=== PROMPT ===
Images do not belong in the copy. Retype all the entries below exactly.

*** Opening of PROVIDED RECORDS ***

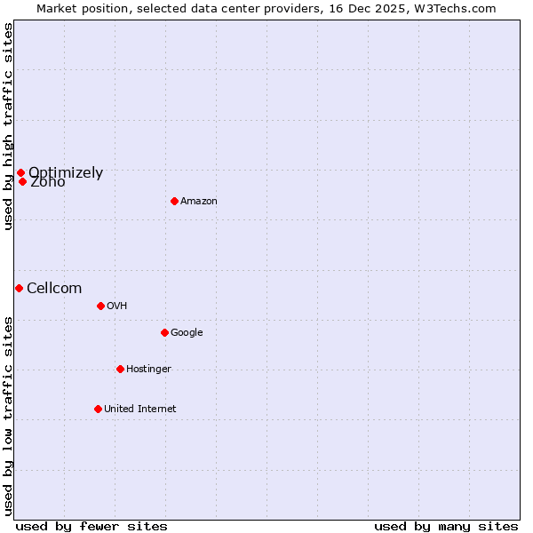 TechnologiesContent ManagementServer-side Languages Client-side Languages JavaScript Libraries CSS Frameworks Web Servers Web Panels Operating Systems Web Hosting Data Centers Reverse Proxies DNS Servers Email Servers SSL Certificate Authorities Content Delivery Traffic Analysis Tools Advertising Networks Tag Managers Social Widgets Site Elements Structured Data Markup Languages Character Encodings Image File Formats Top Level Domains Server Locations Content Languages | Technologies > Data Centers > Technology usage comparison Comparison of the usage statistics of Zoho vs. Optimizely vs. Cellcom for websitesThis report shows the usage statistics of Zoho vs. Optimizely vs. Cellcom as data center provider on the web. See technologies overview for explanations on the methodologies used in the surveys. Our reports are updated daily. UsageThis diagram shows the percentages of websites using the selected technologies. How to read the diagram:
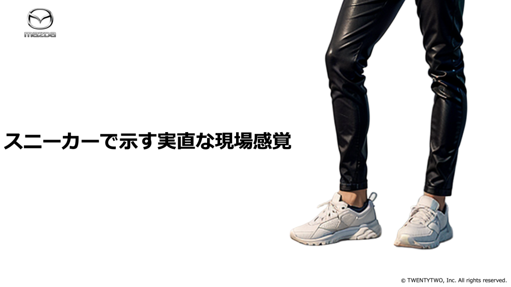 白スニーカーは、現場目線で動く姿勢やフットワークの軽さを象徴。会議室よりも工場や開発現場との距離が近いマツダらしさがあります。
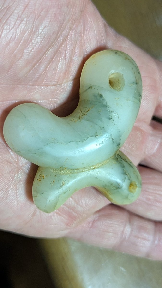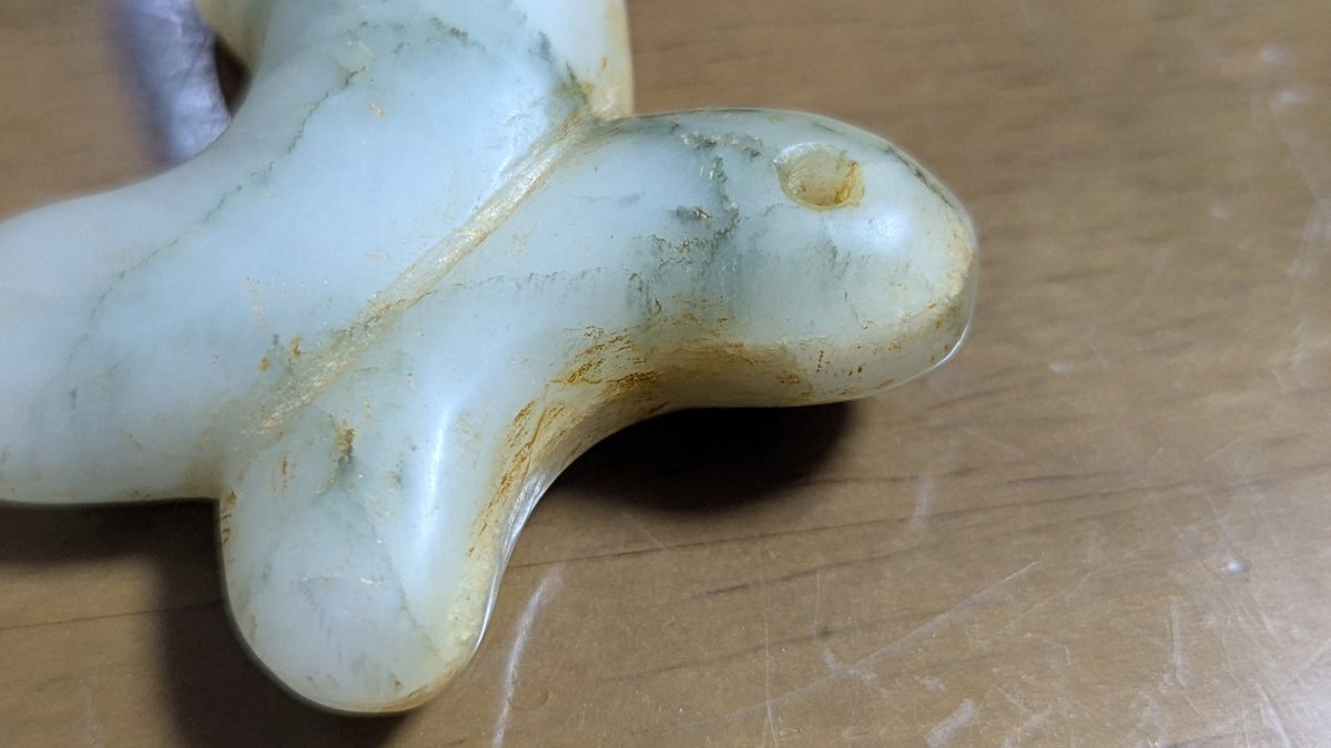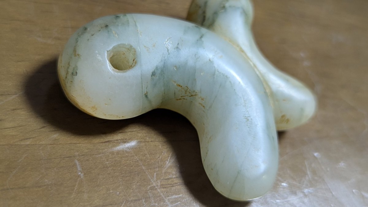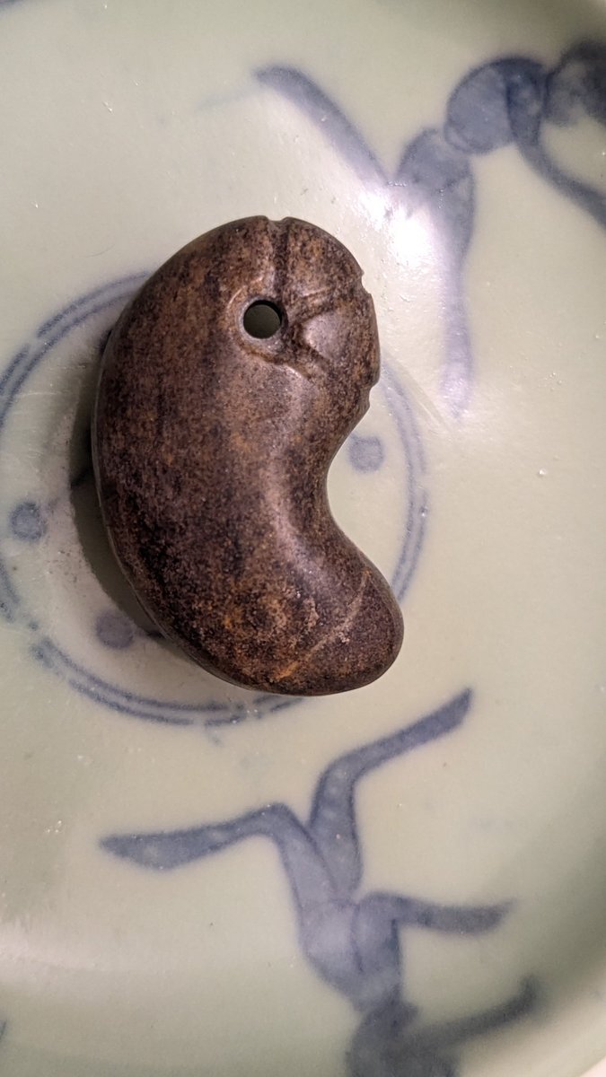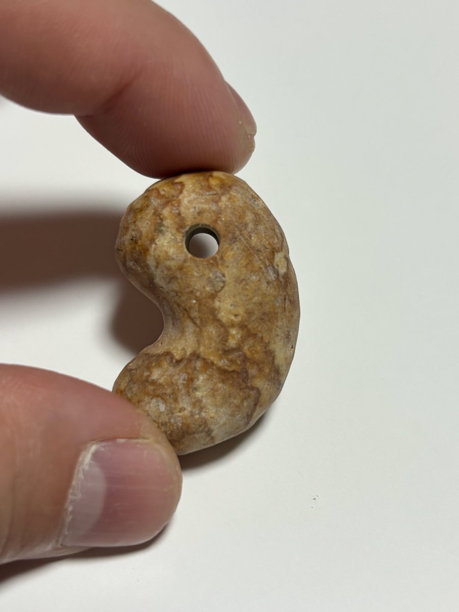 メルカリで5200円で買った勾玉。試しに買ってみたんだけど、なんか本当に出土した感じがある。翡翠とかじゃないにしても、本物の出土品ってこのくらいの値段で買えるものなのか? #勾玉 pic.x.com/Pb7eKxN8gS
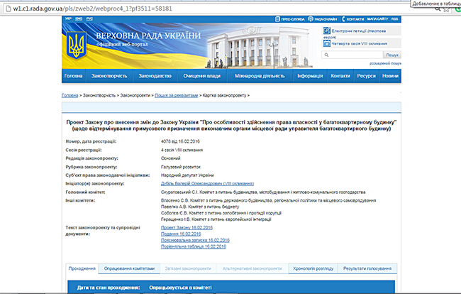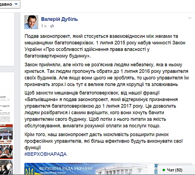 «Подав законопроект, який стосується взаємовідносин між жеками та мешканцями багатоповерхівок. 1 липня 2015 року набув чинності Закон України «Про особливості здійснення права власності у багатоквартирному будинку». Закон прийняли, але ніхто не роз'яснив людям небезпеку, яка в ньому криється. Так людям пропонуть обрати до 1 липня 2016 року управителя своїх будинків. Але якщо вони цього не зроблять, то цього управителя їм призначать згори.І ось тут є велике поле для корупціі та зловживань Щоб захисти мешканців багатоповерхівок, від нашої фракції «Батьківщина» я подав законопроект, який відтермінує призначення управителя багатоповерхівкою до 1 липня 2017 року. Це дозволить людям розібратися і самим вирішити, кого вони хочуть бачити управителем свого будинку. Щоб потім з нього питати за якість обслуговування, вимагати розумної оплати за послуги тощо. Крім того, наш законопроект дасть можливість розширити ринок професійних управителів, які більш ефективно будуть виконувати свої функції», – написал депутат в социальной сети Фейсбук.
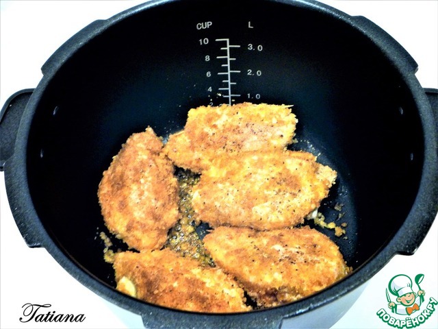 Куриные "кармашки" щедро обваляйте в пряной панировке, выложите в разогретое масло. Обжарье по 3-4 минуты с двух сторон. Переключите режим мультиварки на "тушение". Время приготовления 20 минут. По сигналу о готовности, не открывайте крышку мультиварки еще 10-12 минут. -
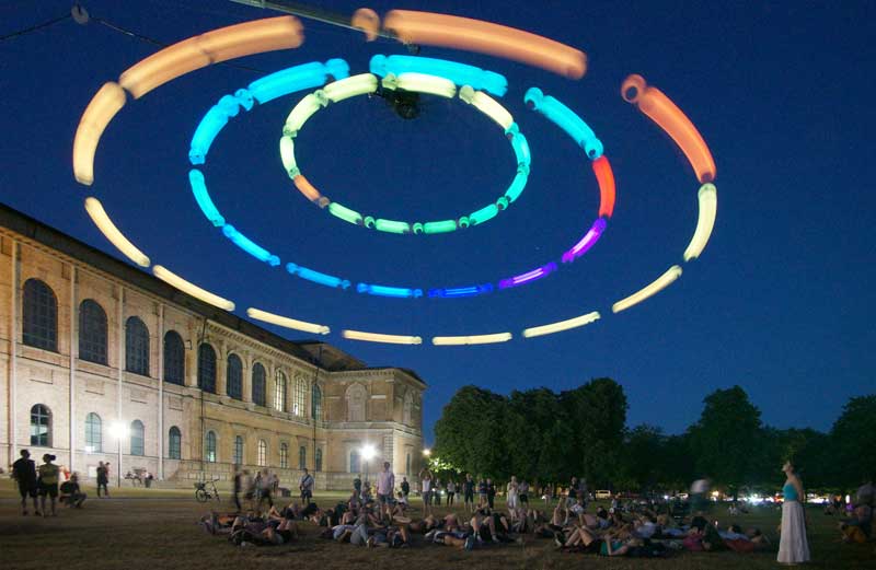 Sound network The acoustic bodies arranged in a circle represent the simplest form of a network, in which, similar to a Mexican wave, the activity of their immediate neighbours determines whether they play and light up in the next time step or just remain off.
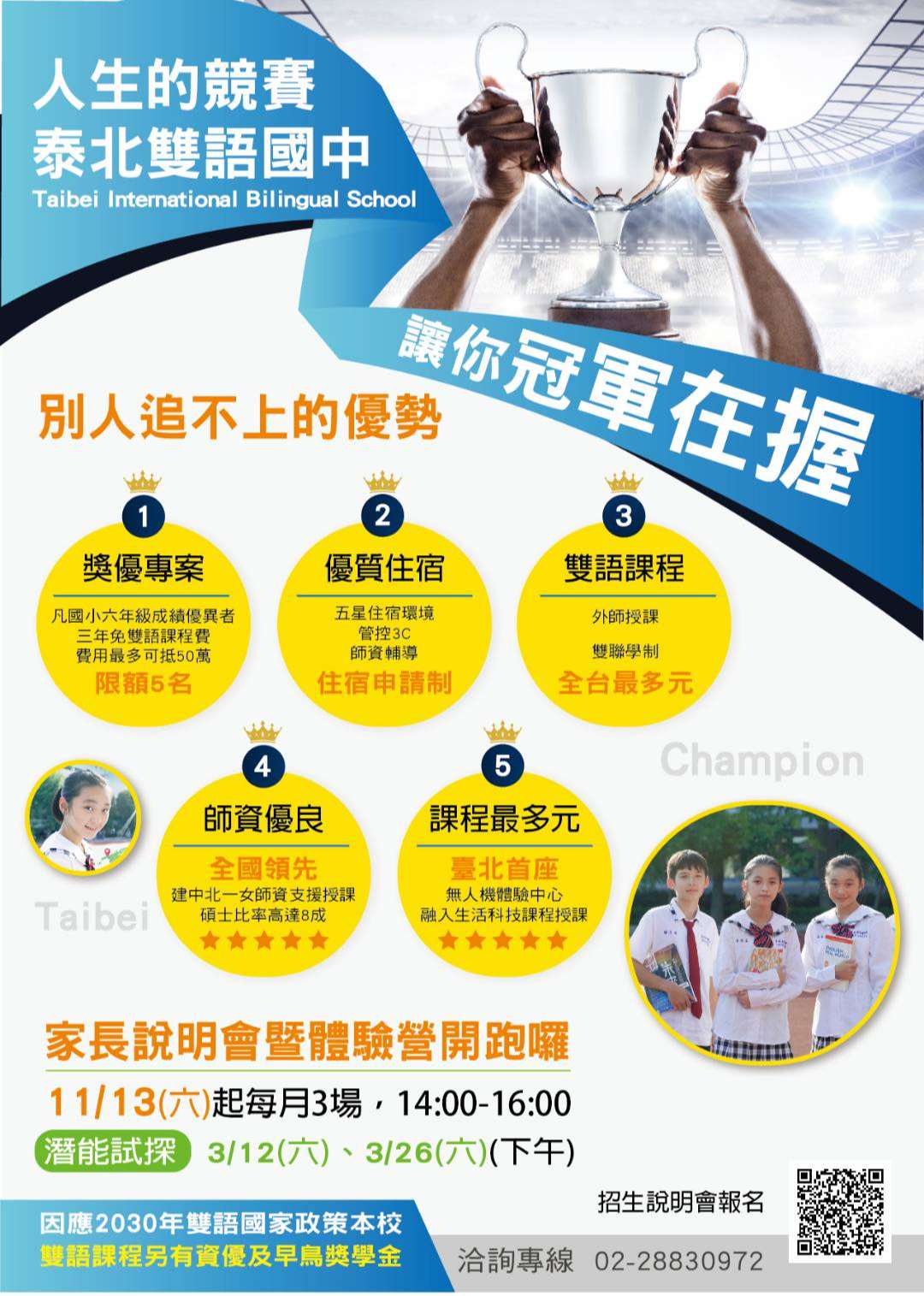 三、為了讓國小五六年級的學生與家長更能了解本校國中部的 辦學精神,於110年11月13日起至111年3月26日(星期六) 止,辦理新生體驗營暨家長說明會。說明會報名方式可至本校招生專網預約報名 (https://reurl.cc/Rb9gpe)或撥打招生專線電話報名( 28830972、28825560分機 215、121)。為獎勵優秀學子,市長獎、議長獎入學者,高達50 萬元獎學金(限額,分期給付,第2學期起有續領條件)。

*** Close of PROVIDED RECORDS ***

=== REPLY ===
 TechnologiesContent ManagementServer-side Languages Client-side Languages JavaScript Libraries CSS Frameworks Web Servers Web Panels Operating Systems Web Hosting Data Centers Reverse Proxies DNS Servers Email Servers SSL Certificate Authorities Content Delivery Traffic Analysis Tools Advertising Networks Tag Managers Social Widgets Site Elements Structured Data Markup Languages Character Encodings Image File Formats Top Level Domains Server Locations Content Languages | Technologies > Data Centers > Technology usage comparison Comparison of the usage statistics of Zoho vs. Optimizely vs. Cellcom for websitesThis report shows the usage statistics of Zoho vs. Optimizely vs. Cellcom as data center provider on the web. See technologies overview for explanations on the methodologies used in the surveys. Our reports are updated daily. UsageThis diagram shows the percentages of websites using the selected technologies. How to read the diagram:
 白スニーカーは、現場目線で動く姿勢やフットワークの軽さを象徴。会議室よりも工場や開発現場との距離が近いマツダらしさがあります。
 メルカリで5200円で買った勾玉。試しに買ってみたんだけど、なんか本当に出土した感じがある。翡翠とかじゃないにしても、本物の出土品ってこのくらいの値段で買えるものなのか? #勾玉 pic.x.com/Pb7eKxN8gS
 «Подав законопроект, який стосується взаємовідносин між жеками та мешканцями багатоповерхівок. 1 липня 2015 року набув чинності Закон України «Про особливості здійснення права власності у багатоквартирному будинку». Закон прийняли, але ніхто не роз'яснив людям небезпеку, яка в ньому криється. Так людям пропонуть обрати до 1 липня 2016 року управителя своїх будинків. Але якщо вони цього не зроблять, то цього управителя їм призначать згори.І ось тут є велике поле для корупціі та зловживань Щоб захисти мешканців багатоповерхівок, від нашої фракції «Батьківщина» я подав законопроект, який відтермінує призначення управителя багатоповерхівкою до 1 липня 2017 року. Це дозволить людям розібратися і самим вирішити, кого вони хочуть бачити управителем свого будинку. Щоб потім з нього питати за якість обслуговування, вимагати розумної оплати за послуги тощо. Крім того, наш законопроект дасть можливість розширити ринок професійних управителів, які більш ефективно будуть виконувати свої функції», – написал депутат в социальной сети Фейсбук.
 Куриные "кармашки" щедро обваляйте в пряной панировке, выложите в разогретое масло. Обжарье по 3-4 минуты с двух сторон. Переключите режим мультиварки на "тушение". Время приготовления 20 минут. По сигналу о готовности, не открывайте крышку мультиварки еще 10-12 минут. -
 Sound network The acoustic bodies arranged in a circle represent the simplest form of a network, in which, similar to a Mexican wave, the activity of their immediate neighbours determines whether they play and light up in the next time step or just remain off.
 三、為了讓國小五六年級的學生與家長更能了解本校國中部的 辦學精神,於110年11月13日起至111年3月26日(星期六) 止,辦理新生體驗營暨家長說明會。說明會報名方式可至本校招生專網預約報名 (https://reurl.cc/Rb9gpe)或撥打招生專線電話報名( 28830972、28825560分機 215、121)。為獎勵優秀學子,市長獎、議長獎入學者,高達50 萬元獎學金(限額,分期給付,第2學期起有續領條件)。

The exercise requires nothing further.